'''

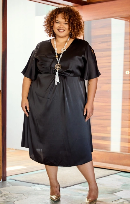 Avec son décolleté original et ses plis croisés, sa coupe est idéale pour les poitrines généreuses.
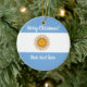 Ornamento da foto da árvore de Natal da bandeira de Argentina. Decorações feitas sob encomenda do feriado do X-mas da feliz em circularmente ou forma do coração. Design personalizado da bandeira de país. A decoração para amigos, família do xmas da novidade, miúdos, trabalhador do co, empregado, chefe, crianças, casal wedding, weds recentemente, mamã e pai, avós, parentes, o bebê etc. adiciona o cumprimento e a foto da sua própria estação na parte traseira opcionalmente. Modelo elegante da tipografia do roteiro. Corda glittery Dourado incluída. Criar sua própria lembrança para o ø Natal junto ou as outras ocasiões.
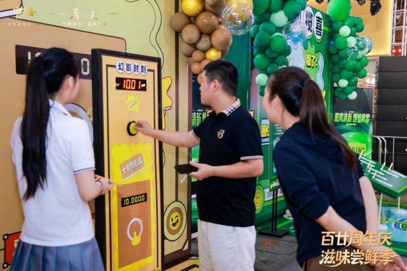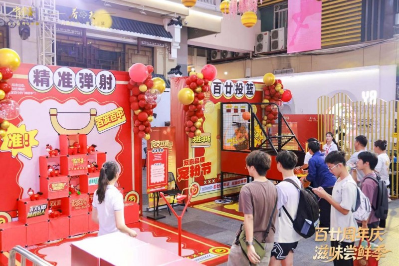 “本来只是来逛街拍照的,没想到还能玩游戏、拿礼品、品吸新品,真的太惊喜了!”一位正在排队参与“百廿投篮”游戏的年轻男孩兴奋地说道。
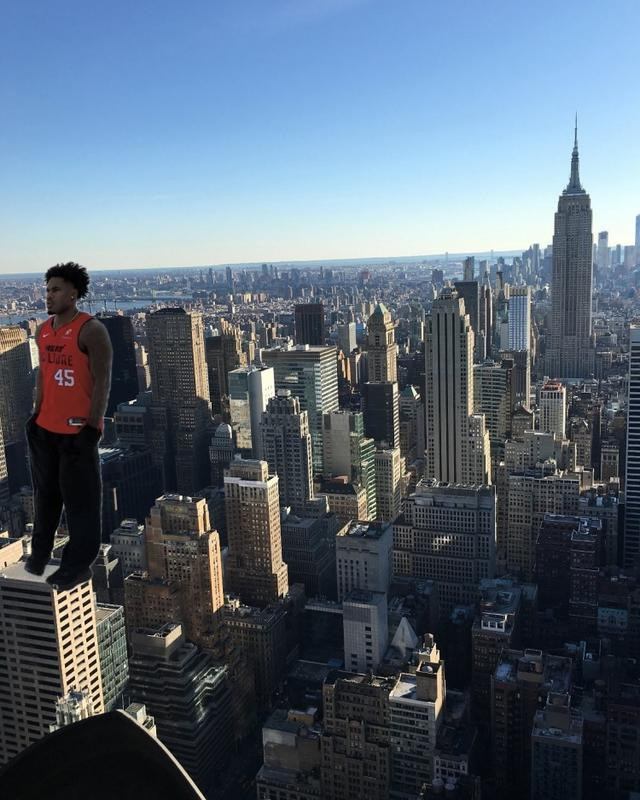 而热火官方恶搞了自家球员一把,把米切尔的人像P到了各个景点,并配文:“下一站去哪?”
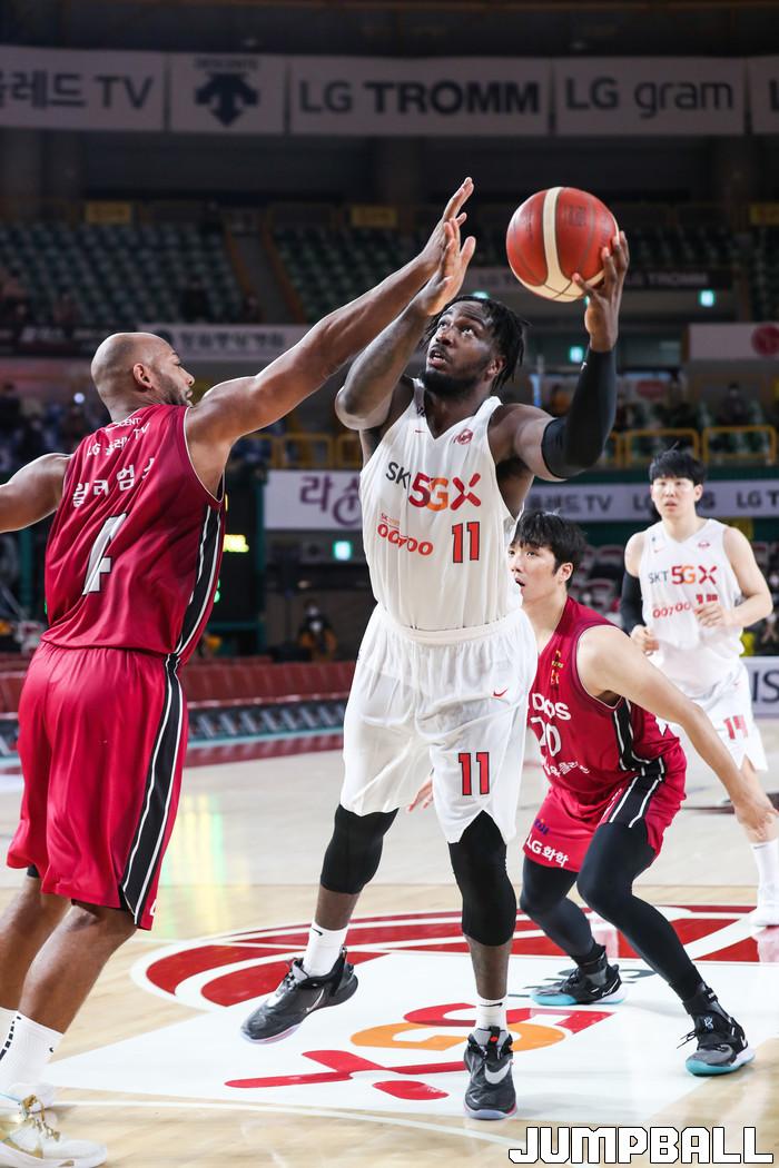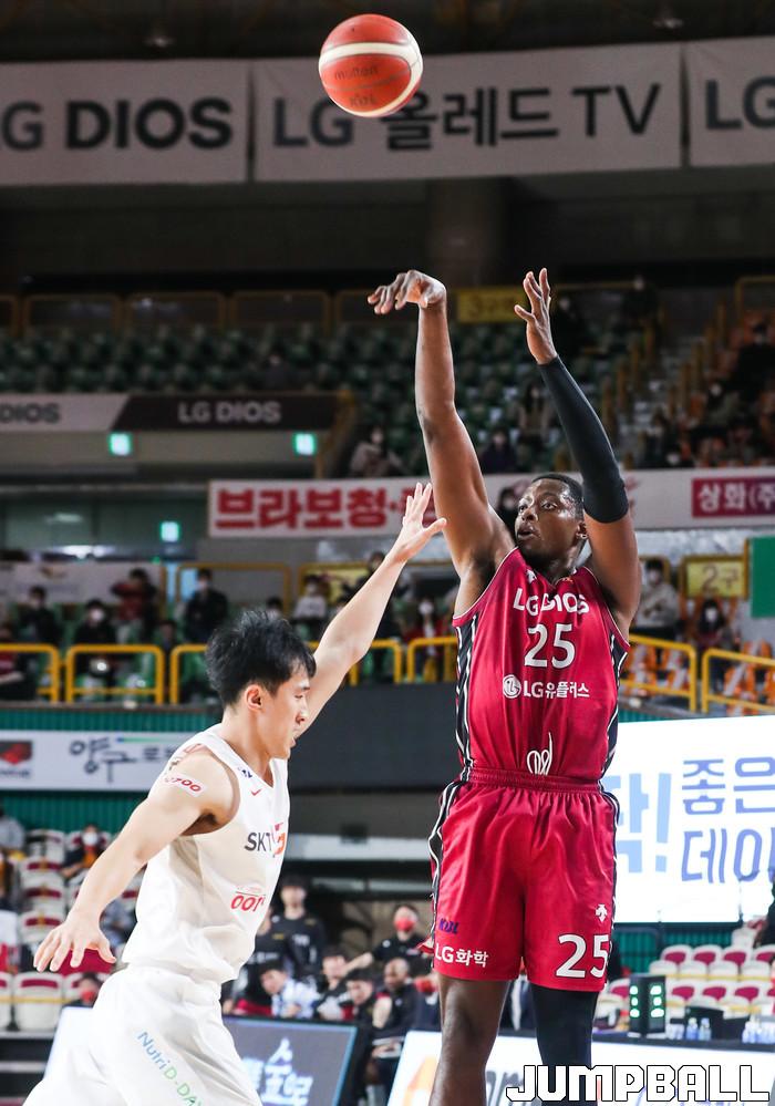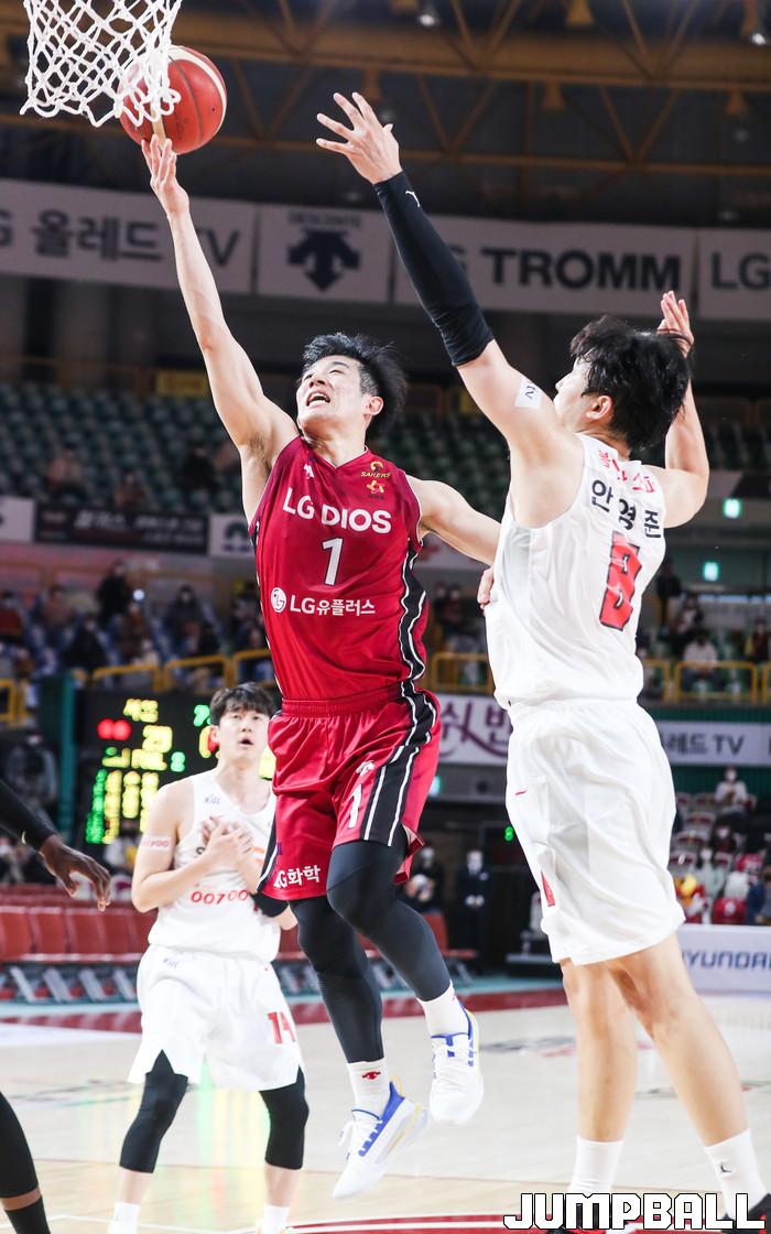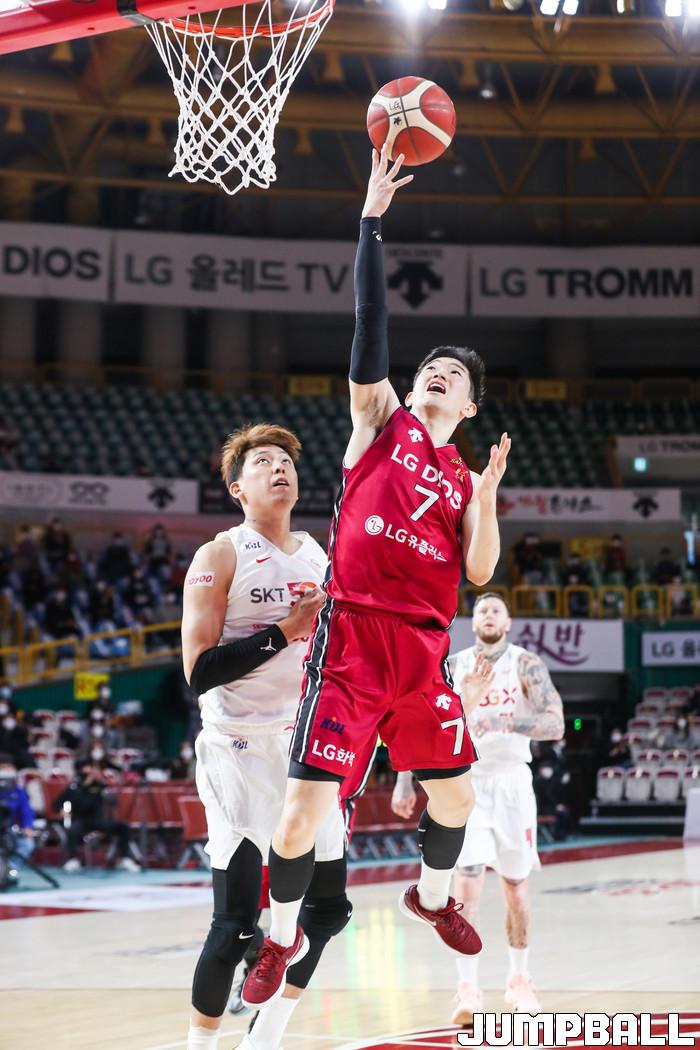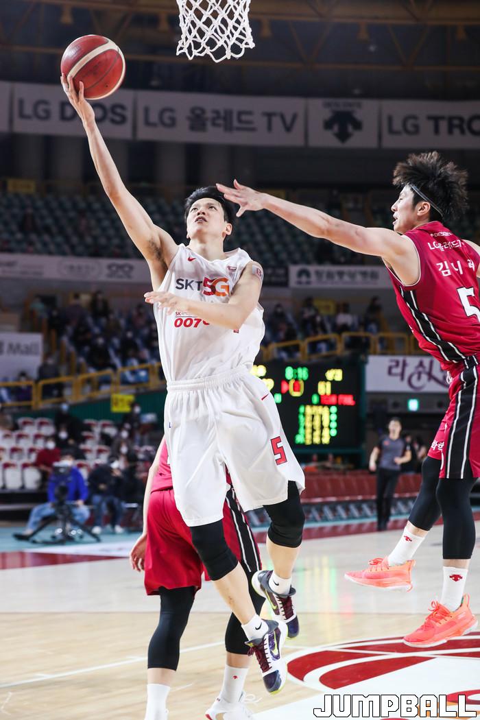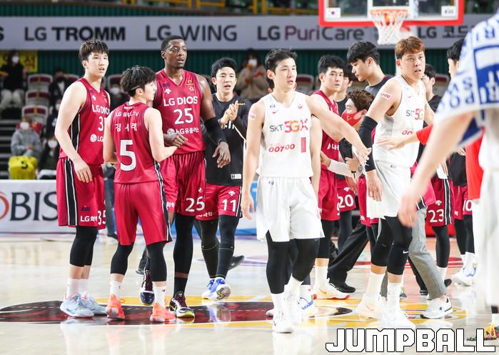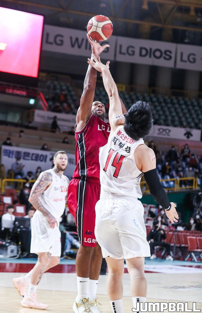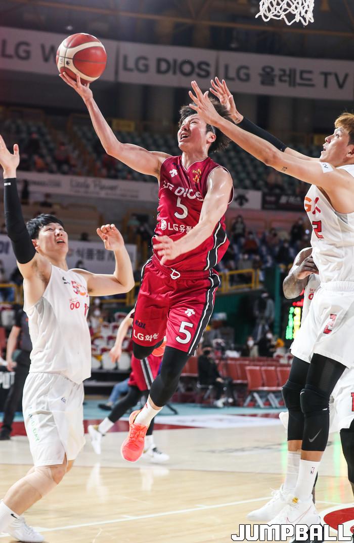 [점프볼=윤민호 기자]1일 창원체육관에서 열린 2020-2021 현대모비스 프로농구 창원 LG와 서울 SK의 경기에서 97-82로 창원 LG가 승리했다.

'''

- **EXERCISE**:
Leave the pictures out and copy the rest of the data exactly.

- **REPLY**:
 Avec son décolleté original et ses plis croisés, sa coupe est idéale pour les poitrines généreuses.
 Ornamento da foto da árvore de Natal da bandeira de Argentina. Decorações feitas sob encomenda do feriado do X-mas da feliz em circularmente ou forma do coração. Design personalizado da bandeira de país. A decoração para amigos, família do xmas da novidade, miúdos, trabalhador do co, empregado, chefe, crianças, casal wedding, weds recentemente, mamã e pai, avós, parentes, o bebê etc. adiciona o cumprimento e a foto da sua própria estação na parte traseira opcionalmente. Modelo elegante da tipografia do roteiro. Corda glittery Dourado incluída. Criar sua própria lembrança para o ø Natal junto ou as outras ocasiões.
 “本来只是来逛街拍照的,没想到还能玩游戏、拿礼品、品吸新品,真的太惊喜了!”一位正在排队参与“百廿投篮”游戏的年轻男孩兴奋地说道。
 而热火官方恶搞了自家球员一把,把米切尔的人像P到了各个景点,并配文:“下一站去哪?”
 [점프볼=윤민호 기자]1일 창원체육관에서 열린 2020-2021 현대모비스 프로농구 창원 LG와 서울 SK의 경기에서 97-82로 창원 LG가 승리했다.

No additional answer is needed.